5. 'This is a liquidity blackhole type event, it's bad for memes, bad for Solana, bad for the ecosystem'. So the argument here is that it's such a desirable asset, that just its imminent launch is enough to cause people to sell the assets they're less convicted to hold for now, that *it's a bad thing*? Are you people fucking mental?
6. 'Memes are dead. This will be the last hurrah. Pump's revenue numbers and KPIs are all in decline, and this is their last chance to extract before they become irrelevant'. I'm dying to see how quickly the timeline will do a 180 once they get airdropped heaps of free money, or when pump announces their new product suite, vertical and horizontal expansions, and revenue accrual to token holders. Memes are dead until everybody gets a fat stimmy, the underlying token pumps and creates a wealth-generation effect, people get % of the revenue just for holding the token, and new users come through new products like mobile integrations, live streaming and partnerships with the largest names in the world. (Which, you guess it, is made possible by RAISING A FUCKING LARGE AMOUNT OF MONEY)
At the end of the day, it's very simple. Ask yourself, 'what tokens would I, in theory, like to own?'.
For me, the answer is simple: not many. I don't hold many tokens at all. What I do decide to hold, I hold based on two things:
1. Does it have a strong narrative, and will others buy into that narrative? (more short-term, momentum-driven. Think fartcoin)
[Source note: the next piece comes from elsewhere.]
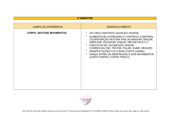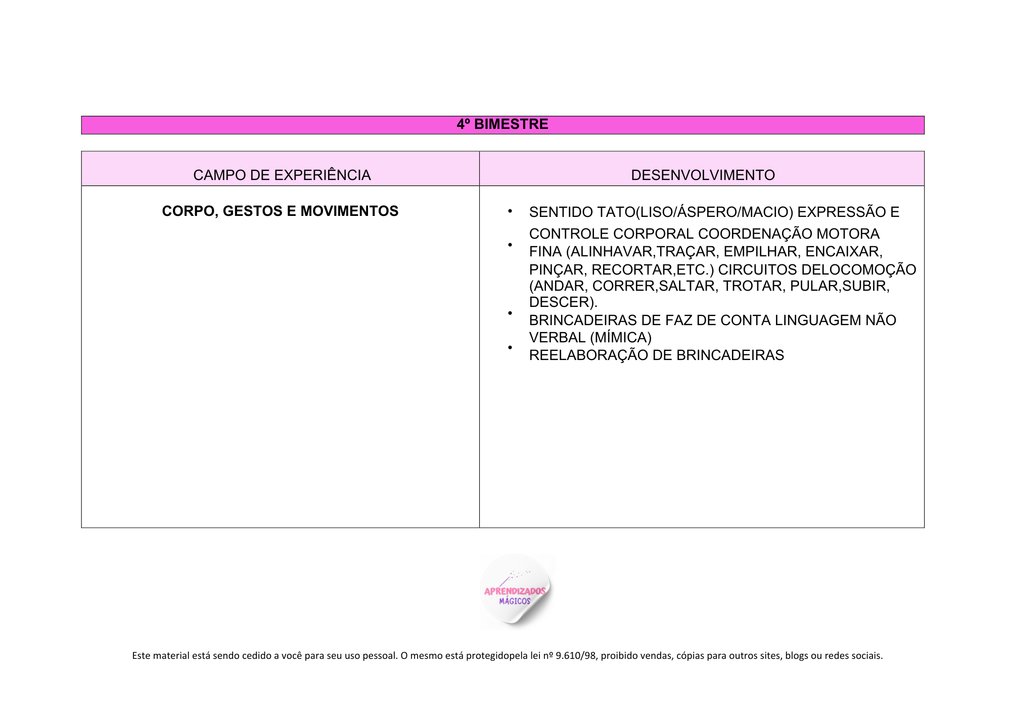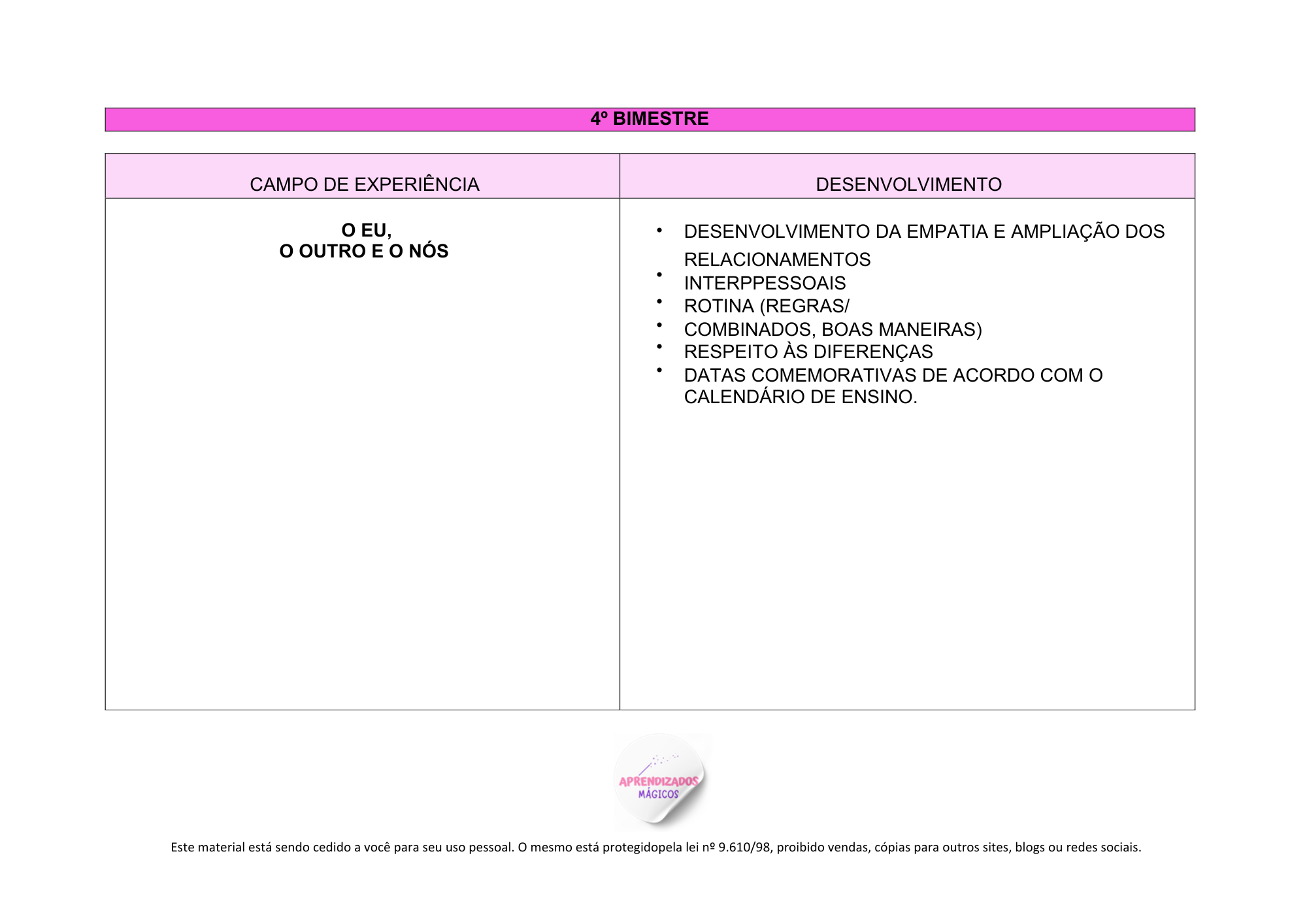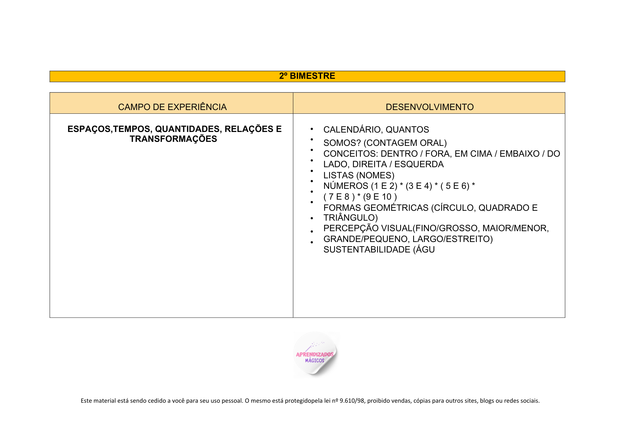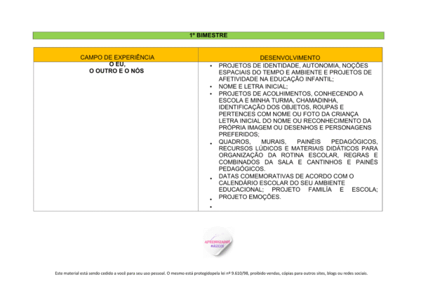 Organizado do 1º ao 4º bimestre, o material contempla todos os campos de experiências, com sugestões de atividades e avaliações que estimulam o aprendizado de forma lúdica, afetiva e significativa. 💕
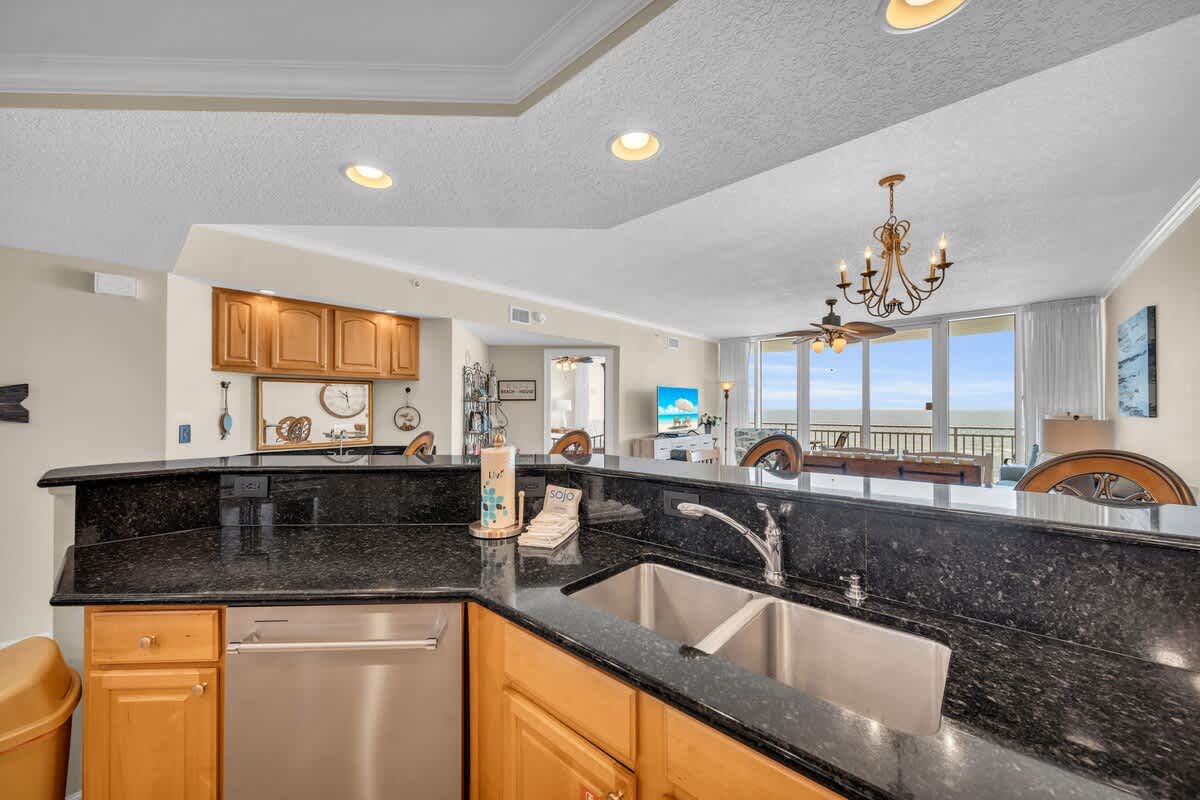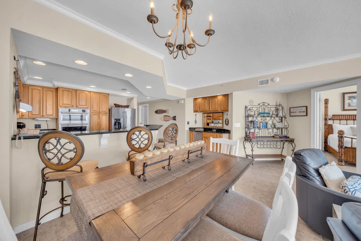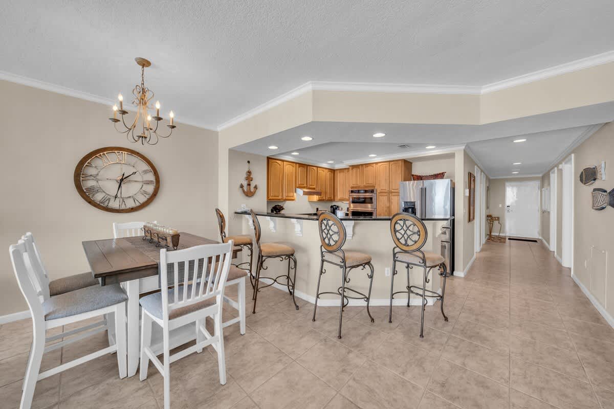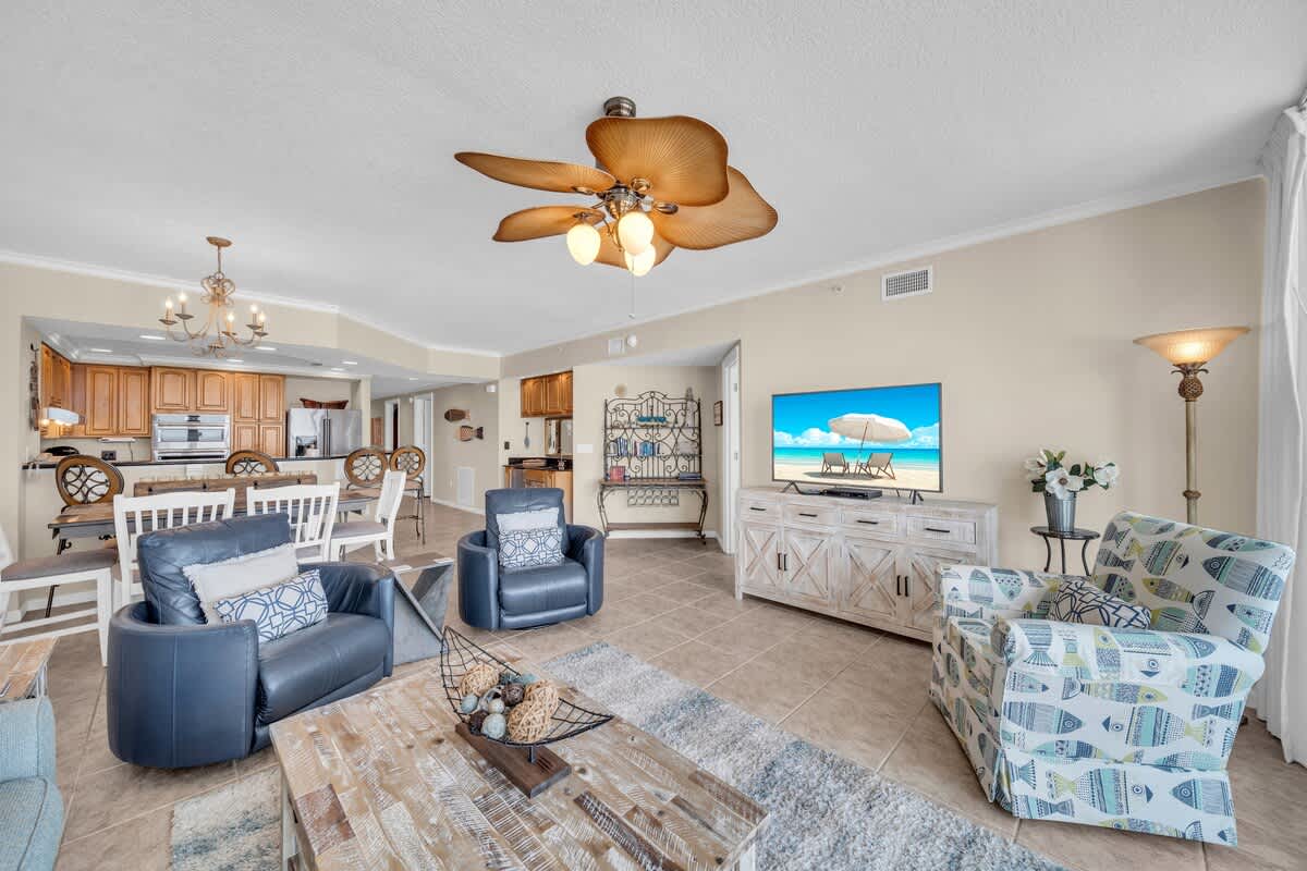 The living area is filled with natural light from expansive windows, framing picture-perfect Gulf views. Kick back and enjoy the smart TV or stay connected with reliable Wi-Fi. The dining room comfortably seats six, with room for four more at the breakfast bar—perfect for gathering after a day on the beach.

2. Is it an actual growing business, with real revenue numbers, that might sustain and grow over time, with proper value accrual mechanisms to token holders?
The tokens that fit #2 are few and far between. The likes of
$HYPE,
$AAVE,
$JUP, etc. Even
$RAY and
$CAKE can be considered. Tokens that represent the next real stage of this not-so-nascent-anymore industry: the growth stage.
Not the early stage, 'let's all do super low-float-high-FDV venture deals in hopes of 1000x and selling promises'. The growth stage, where you assess which tokens will be crypto's SP500, or the 'Magnificent 7'. Which you might want to own for a year, two, perhaps more.
To me,
$PUMP fits the bill way more than 99.999% of tokens out there. And I think it's fairly priced, if not cheap, at $4 billion fully-diluted.